The major achievement of this attention mechanism is its ability to produce state-of-the-art results on benchmark datasets like the annotated Gigaword Corpus and the DUC-2004, part of which involves headlines paired with article sentences. The results show significant improvements over baseline Transformer models. On Gigaword and DUC-2004, the model incorporating contrastive attention achieved notable increases in ROUGE scores, solidifying the utility of the approach for practical text summarization applications.

Experimental Evaluation

The paper rigorously evaluates the mechanism on both English and Chinese datasets. For the English language, the annotated Gigaword Corpus is utilized, achieving outstanding performance, reflected in improved ROUGE-1, ROUGE-2, and ROUGE-L scores. Similarly, on the Chinese LCSTS dataset, this method also outperforms existing methodologies. The methodologies include various neural network enhancements like the deep recurrent generative decoder and actor-critic frameworks. The consistent enhancement across different datasets underscores the robustness and versatility of the contrastive mechanism.

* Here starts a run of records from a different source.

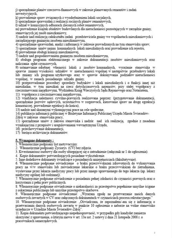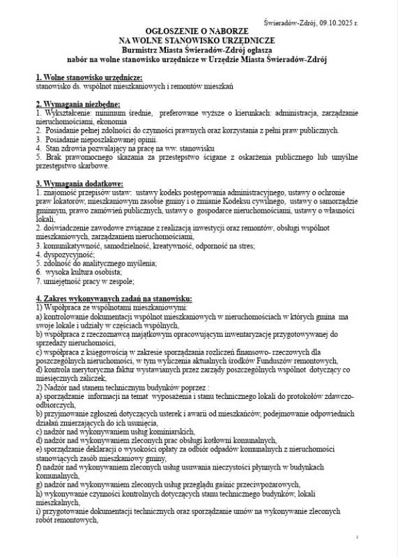 Burmistrz Miasta Świeradów-Zdrój ogłasza nabór na wolne stanowisko urzędnicze w Urzędzie Miasta Świeradów-Zdrój na stanowisko ds. wspólnot mieszkaniowych i remontów mieszkań.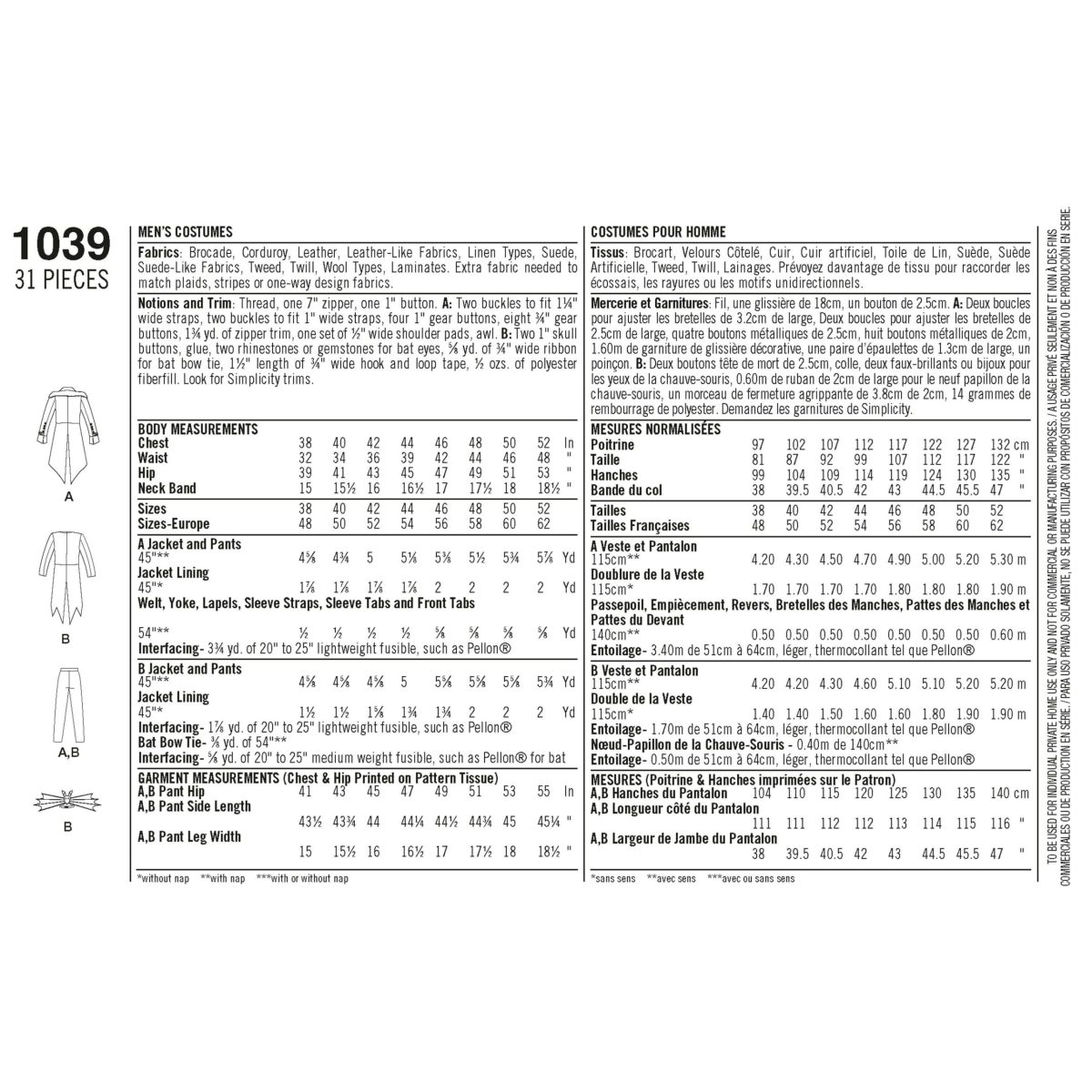 These great costumes for men are perfect for your next cosplay event, costume party, steampunk or comic book convention. Pattern includes jacket in two styles and trousers with fly front opening. Arkivestry for Simplicity.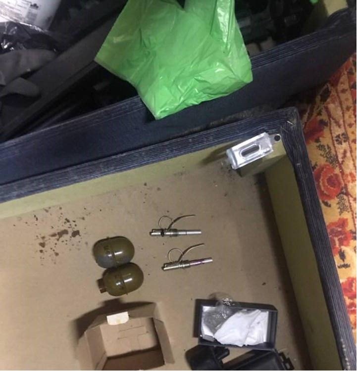 "Во время проведения неотложного обыска в гаражном помещении, в котором задерживался один из мужчин, правоохранители обнаружили две гранаты РГД-5, два пистолета, 120 грамм амфетамина и расфасованное в восемь пакетов наркотическое средство каннабис", - говорится в сообщении.

Implications and Future Developments

The implications of this research are manifold. The contrastive attention mechanism could potentially be adapted to other sequence-to-sequence tasks beyond sentence summarization, such as machine translation, where distinguishing relevant from irrelevant contextual elements is equally crucial. The successful implementation on Transformers suggests that similar conceptions could further refine models in other AI tasks where attention models are applicable.

The paper indicates that future developments may explore optimizing contrastive attention mechanisms further by dynamically determining the relevant portions of text, removing the necessity for manual head selection. Additionally, there is a prospect of examining how such mechanisms could be integrated into other neural architectures to leverage attention in a broader spectrum of NLP tasks.

Overall, the paper significantly contributes to the field of NLP by advancing not only the theory of attention mechanisms but also providing empirical evidence for the efficacy of contrastive attention in real-world text summarization tasks.